2012, 03. Dezember: Focus Money --> Dirk Müller: Crash-Gefahr bei 60 Prozent

Bei einem Dax-Stand von ca. 7400 Punkten wird Müller wie folgt zitiert: "Ich würde es mit 60: 40 beziffern, dass wir noch mal deutlich runterkommen."

2013, 30. April: Interview Wirtschaftswoche im Rahmen seines neuen Buches Showdown

Auf die Frage "Bleiben also nur noch Aktien als sinnvolle Geldanlage?" antwortet Müller:
"Ja. Allerdings besteht die Gefahr, dass wir ähnlich wie beim Gold auch bei Aktien bald deutliche Kursverluste sehen könnten.

2015, 04. Mai: Interview Finanzen.net --> Dirk Müller: Ein Crash ist jederzeit möglich"

Wir sind schon sehr weit gelaufen, dazu kommen die Griechenland-Angst und die Aktienblase in China.

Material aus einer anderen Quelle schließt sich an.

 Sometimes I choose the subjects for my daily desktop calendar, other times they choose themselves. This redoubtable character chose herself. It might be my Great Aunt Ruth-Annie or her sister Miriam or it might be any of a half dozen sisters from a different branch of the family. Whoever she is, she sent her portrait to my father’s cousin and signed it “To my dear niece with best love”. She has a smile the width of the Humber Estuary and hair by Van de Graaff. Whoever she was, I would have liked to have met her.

Eine deutliche Korrektur ist aus meiner Sicht wahrscheinlich und auch zwingend notwendig."

Und weiter:

"Die Anleger müssen sich in den kommenden Monaten auf sehr heftige Schwankungen einstellen, ein Crash ist jederzeit möglich. Wir haben innerhalb kürzester Zeit ein Plus von 30 Prozent nach oben gesehen, vor diesem Hintergrund ist es eher wahrscheinlich, dass es auch wieder 20 Prozent nach unten geht - das ist die Definition für einen Crash. Aber auch 30, 40 oder gar 50 Prozent nach unten kann in diesen verrückten Zeiten niemand ausschliessen."

2017, 12. April: Das Investment, Dirk Müller erwartet Dax-Crash 

"Die nächste Rezession steht vor der Tür", ist sich Müller sicher. "Wenn die US-Notenbank ihre Ankündigungen wahrmacht, werden wir ab der zweiten Jahreshälfte deutlich niedrigere Kursentwicklungen sehen", glaubt Müller.

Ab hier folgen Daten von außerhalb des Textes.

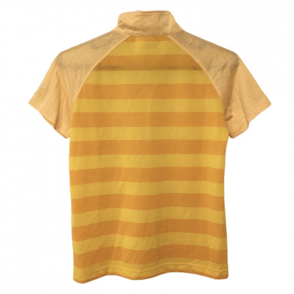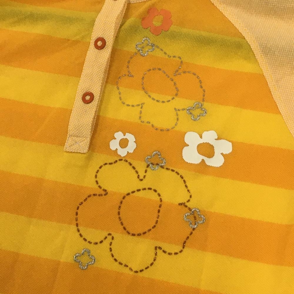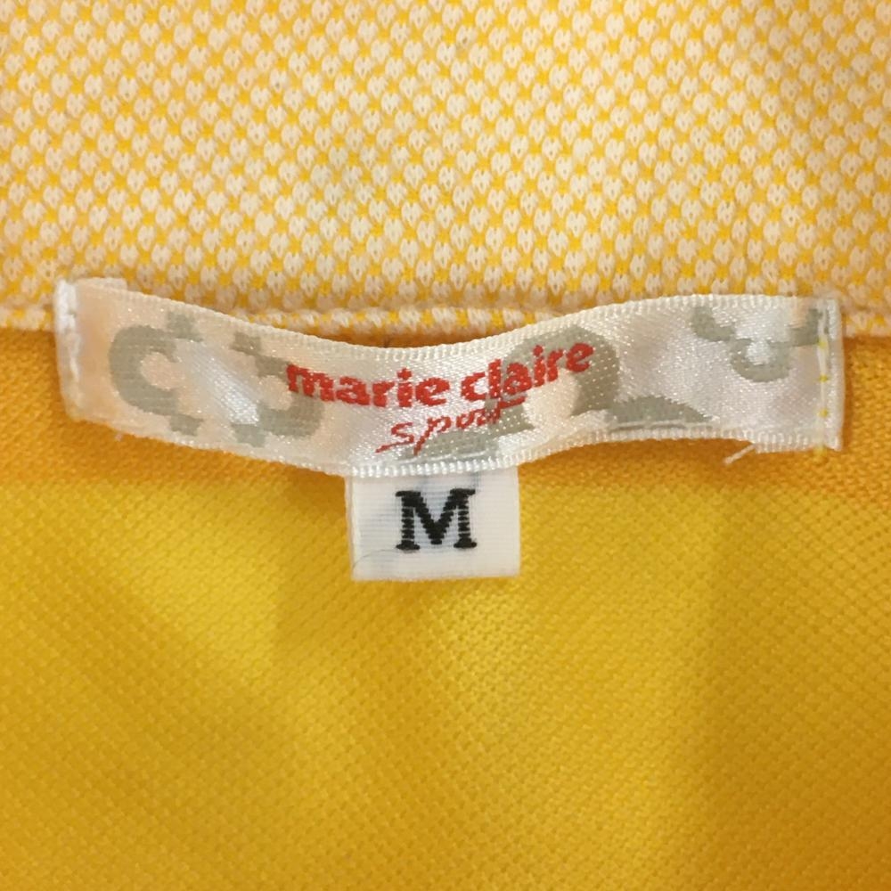 【超美品】マリクレール 半袖ハイネックシャツ オレンジ×イエロー ボーダー柄 花柄 レディース M ゴルフウェア marie claire

Zu diesem Zeitpunkt ging er genauso wie 99 Prozent aller Wirtschaftsexperten davon aus, dass Trump nicht ansatzweise seine Steuerreform implementieren würde können.

2018: Dirk Müller, Buch: Machtbeben

In seinem Buch Machtbeben: Die Welt vor der größten Wirtschaftskrise aller Zeiten prognostiziert Müller nicht nur einen Crash, sondern vielmehr einen tiefe Rezession oder gar einen Zusammenbruch der Weltwirtschaft, der sogar die Weltwirtschaftskrise von 1929 in den Schatten stellen könnte. Und diese größte Wirtschaftskrise aller Zeiten werde nicht in all zu ferner Zukunft eintreten.

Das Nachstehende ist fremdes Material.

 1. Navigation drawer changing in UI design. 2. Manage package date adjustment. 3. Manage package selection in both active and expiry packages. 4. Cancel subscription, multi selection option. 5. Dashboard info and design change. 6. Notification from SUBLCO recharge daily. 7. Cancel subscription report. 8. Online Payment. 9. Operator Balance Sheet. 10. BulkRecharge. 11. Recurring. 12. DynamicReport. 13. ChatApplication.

Ich habe das Buch nicht vollständig konzentriert gelesen, sondern mich auf die Passagen konzentriert, die ökonomisch und makroökonomisch relevant sind. Auf welche relativ harten und validen Makro- und Finanzdaten (Indikatoren) stützt sich Dirk Müller's Einschätzung der aktuellen weltwirtschaftlichen und finanzweltlichen Lage und untermauern diese Daten seine finstere Prognose.

Unabhängig von der Anzahl an Fehlprognosen hinsichtlich der Crashs an den Finanzmärkten ist Dirk Müller definitiv ein Mensch mit einem hohen praktischen ökonomischen Sachverstand, viel Erfahrung und versteht durchaus sehr gut ökonomische und makroökonomische Zusammenhänge.

Was sich bei Herrn Müller an der ein oder anderen Stelle bemerkbar macht, ist die Tatsache, dass er nie Wirtschaftswissenschaften studiert hat. Er hat sich weder die teilweisen hochkomplexen mathematischen Methoden angeeignet, um die verschiedenen makroökonomischen Modelle tiefgreifend zu studieren und auch zu verstehen, noch hat er tiefgreifendere wirtschaftstheoretische Kenntnisse, die ihm vielleicht helfen würden, seine Prognosen besser zu timen.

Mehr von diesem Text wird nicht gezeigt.